The Elliott Credo: Even when you’re teaching, you’re learning. “You can learn from anyone. I believe that.”
Still, after hauling airliners through the skies and delivering countless people safely to their destinations, what can a little LSA like the Cub have to offer? A light and happy look comes across his face. “It’s like the most wonderful high school in the sky. I love the freedom of it. You drop the side window, and the view from the air is so clean and fresh. I look at places on the ground that I want to visit. I like the adventure of it.
“Flying any kind of aircraft teaches you a lot about yourself. It’s something you do that’s all your own. It teaches you the self-discipline to keep going even when you’re scared to death. I’ve been in situations where I thought I was going to die. And the most unbelievable calm came over me. I said to myself, ‘Just keep flying the airplane. I’m going to do the best I can until I get out of this.’
“Afterward, you can fall apart. But in the middle of it, it’s almost an out-of-body experience. I think if pilots aren’t thoroughly trained, they stop thinking and go to pieces. Once you learn the capabilities of the airplane (and yourself) and how you’re going to deal with something, it changes everything. It changes your perspective on yourself.”
Like many older pilots, Bob flies an LSA in part because he’s close to that time when he might fail his flight medical. “I want to keep flying, like most of the people getting sport pilot tickets right now. We just want to keep flying.”
Why the Cub instead of a fast composite LSA? “People who pick a Cub want a vintage airplane. Personally, I wouldn’t have one of those ‘plastic’ airplanes with a ‘lawnmower’ engine,’” he jibes. “This is a real airplane.”

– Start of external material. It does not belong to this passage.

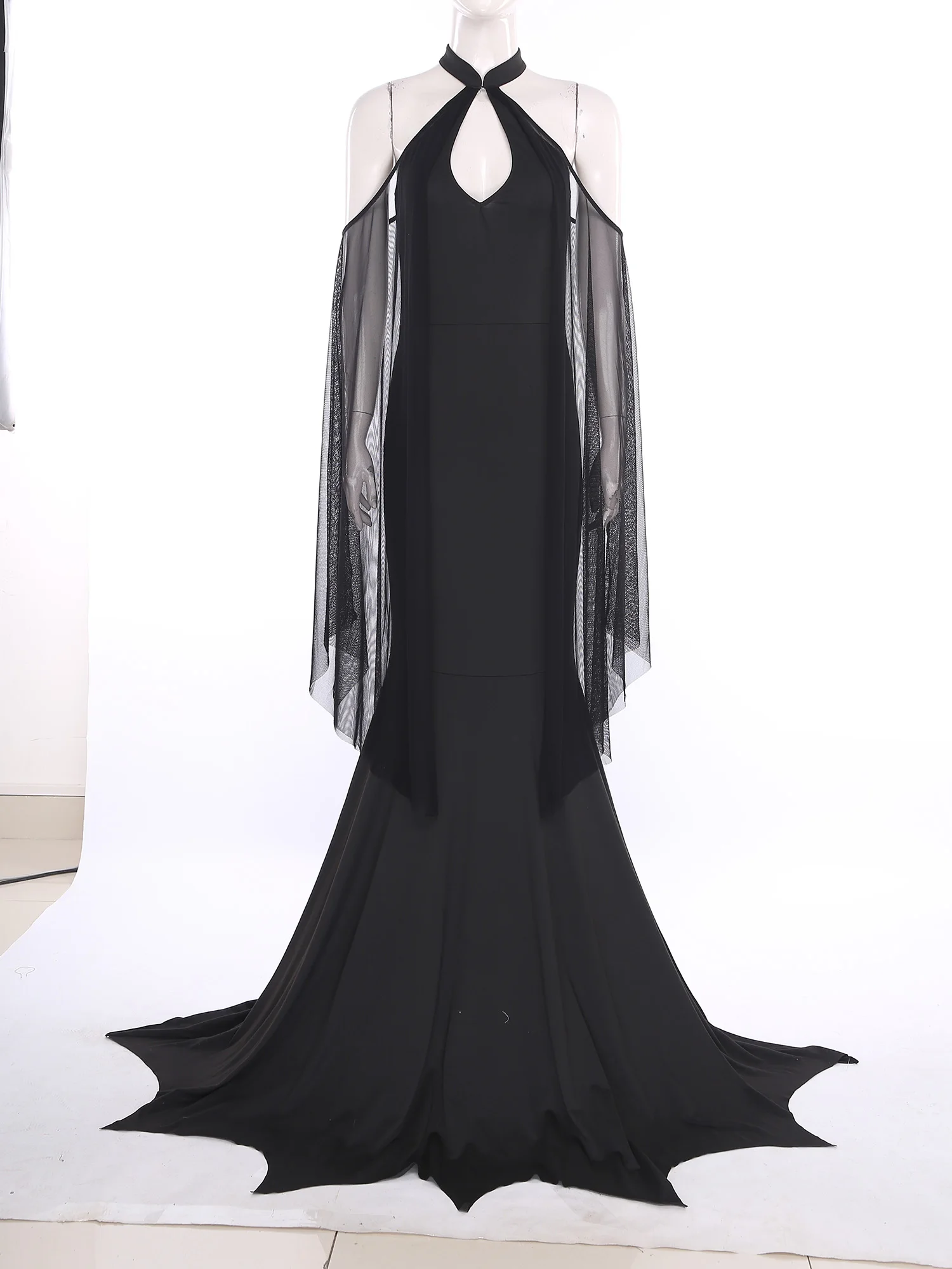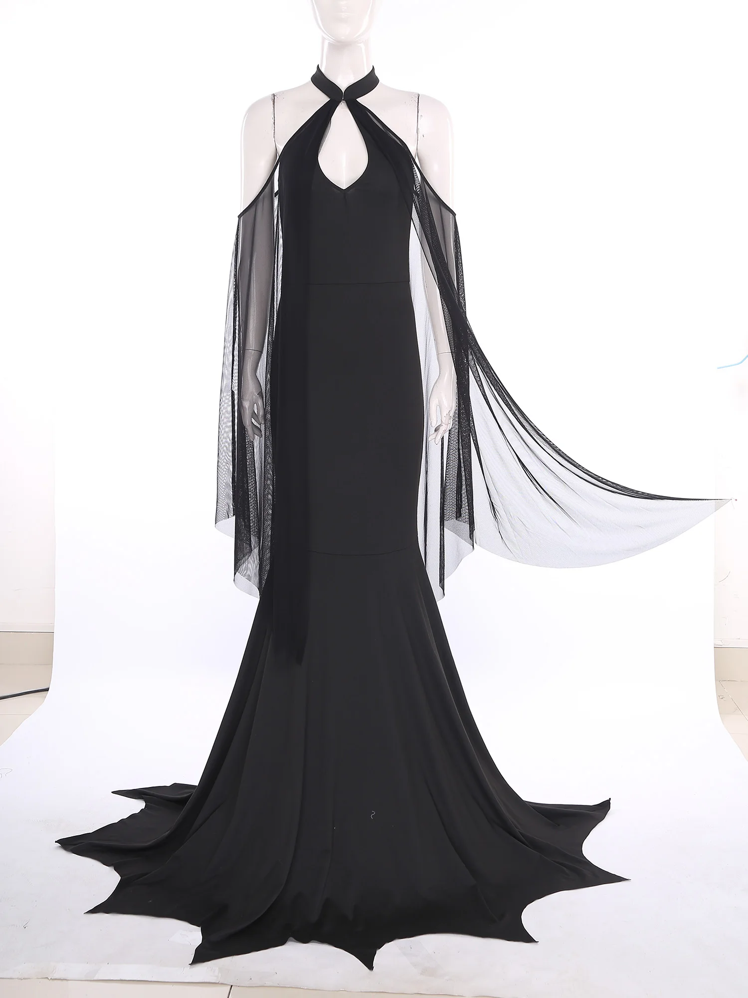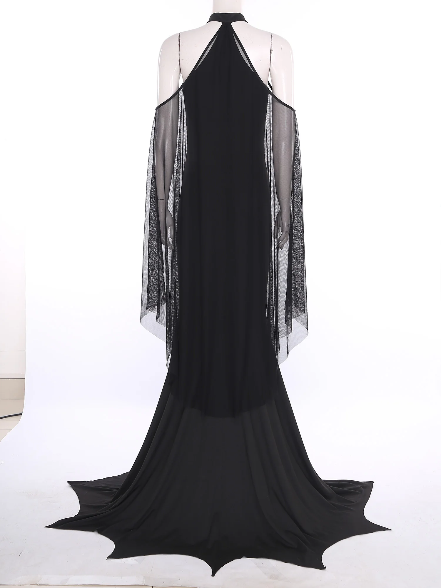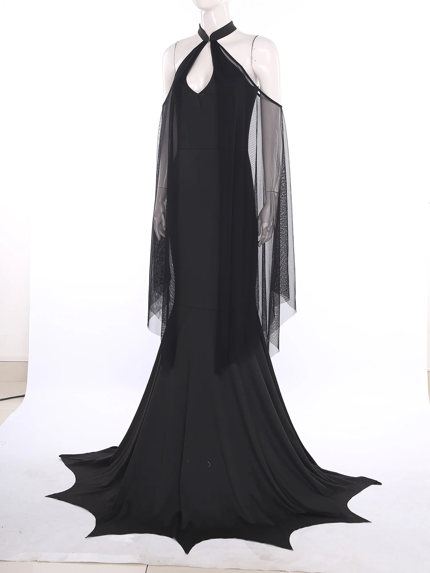 Womens Halloween Vampire Witch Long Dress Halter Keyhole Hollow-out Mesh Cape Jagged Hem Maxi Dress Gothic Mermaid Cosplay Dress

I’m tempted to offer a little teaching lesson of my own about lightweight, strong carbon-fiber airplanes and “lawnmower” engines, and what they’ve done to revolutionize aviation. But this is his universe and his truth. Maybe that lesson will come another day.
“But you know,” he concludes, tossing the Skittles bag into the backseat as he starts to squeeze his oversized frame into the Cub, “it doesn’t really matter what you fly. The important thing to remember is that the airplane will always teach you.”